I started slowly at first, pushing out a few lines of song here and there, looking for the right genre and the right tune to capture his attention.
It was “Turn the Page” by Bob Seger that finally did it.
The minute I broke into that opening sequence, his head came up, his eyes lost their focus, and he was lost in a sea of memories. The music called to him, caught his soul and spun him about, and I knew I had him. Still playing, I unlocked the gate, waited until he was just outside, and then opened it wide enough to let him slip inside.
He followed me up the walk and inside the house without incident. While he stood enrapt in the tune, I called up my music library on my computer, put the song on infinite loop, and, when his attention was distracted by the competing strains, I reached out and borrowed his sight.
While not as powerful as the live music I’d been playing, the recorded tune kept the ghost distracted and docile enough that I was able to turn my attention to the photographs Stanton had s
ent over and try, at last, to get some work done.
I started with the Chaldean script. It was a descendant of ancient Aramaic and having risen somewhere in the neighborhood of the second century BC, was perhaps the oldest language of those found at the Connolly crime scene. Because it was cursive and written from right to left, it would, given my lack of sight, be the hardest for me to deal with, so I wanted to be as fresh as possible when I tackled it.
Having asked Stanton to have his crime scene techs arrange the shots in a particular sequence—first a wide-angle shot showing all the writing on each individual wall, then photos of each group of words or phrases on that wall, and finally individual shots of each letter or glyph itself—I went through them in the same order.
I spent some time familiarizing myself with each image, noting those that were immediately recognizable and briefly puzzling over those that were not. Because I was “seeing” them through a different medium, the strangely malevolent feeling that had nearly overwhelmed me the night before wasn’t present, but I hadn’t forgotten it. Just the memory of it made the hair on the back of my neck stand on end. The feeling reminded me to proceed with caution as I set to trying to translate in earnest.
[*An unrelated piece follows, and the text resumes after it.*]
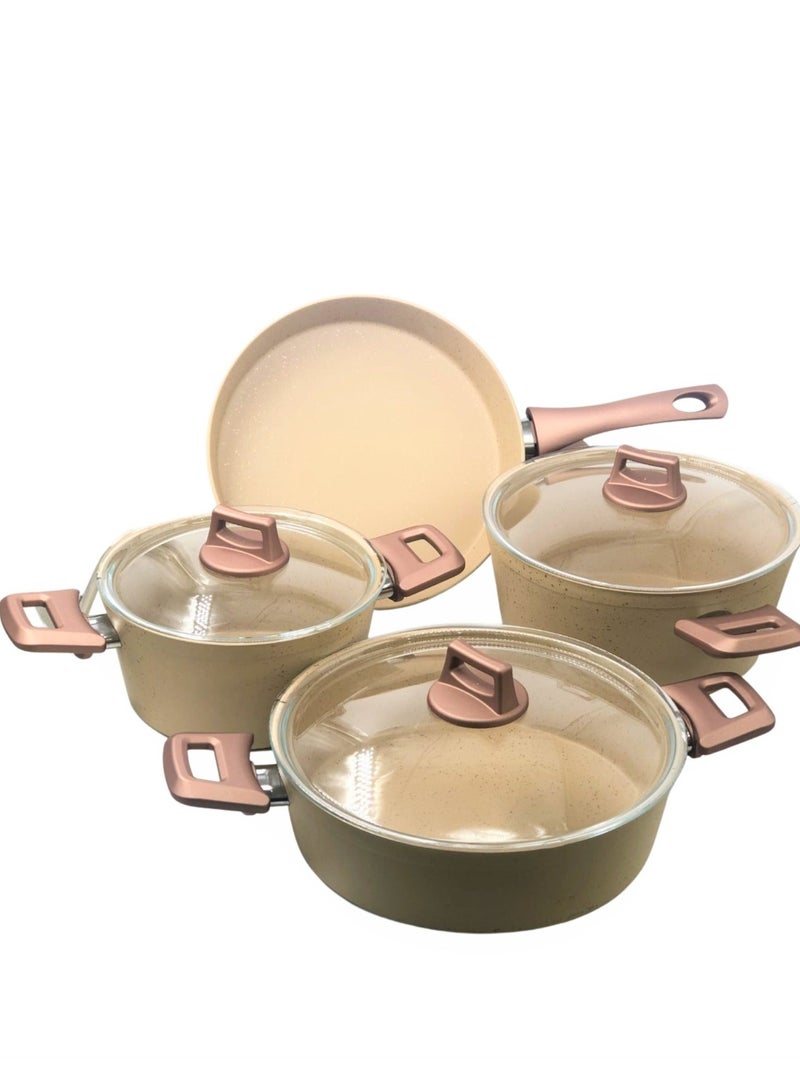 | Set Includes | 7 Piece Pot Set with Glass Lids in the following sizes: 20 CM Saucepan with Glass Lid 24 CM Saucepan with Glass Lid Rice Pot 26 CM with Glass Lid Frying Pan 26 CM Made of The Highest Quality of Granite, Safe, Non-Sticky, Non-Reactive, sanitary, and High Reliability. The Size of The Carton Set Is 30X34X42 CM |

Doing so, however, was much more difficult than I expected. I was able to recognize many of the individual letters and a good number of the words they formed, but that was as far as I could go because none of the word groups fit together into coherent phrases.
After a long, frustrating hour, I put the Chaldean aside and turned my attention to the Norse runes.
They were the version of Old Norse known as Elder Futhark, which consisted of twenty-four runic symbols typically arranged into three groups of eight. They dated from around 400 AD, and very few scholars outside of Scandinavia specialized in them. Fortunately, I was one of those few.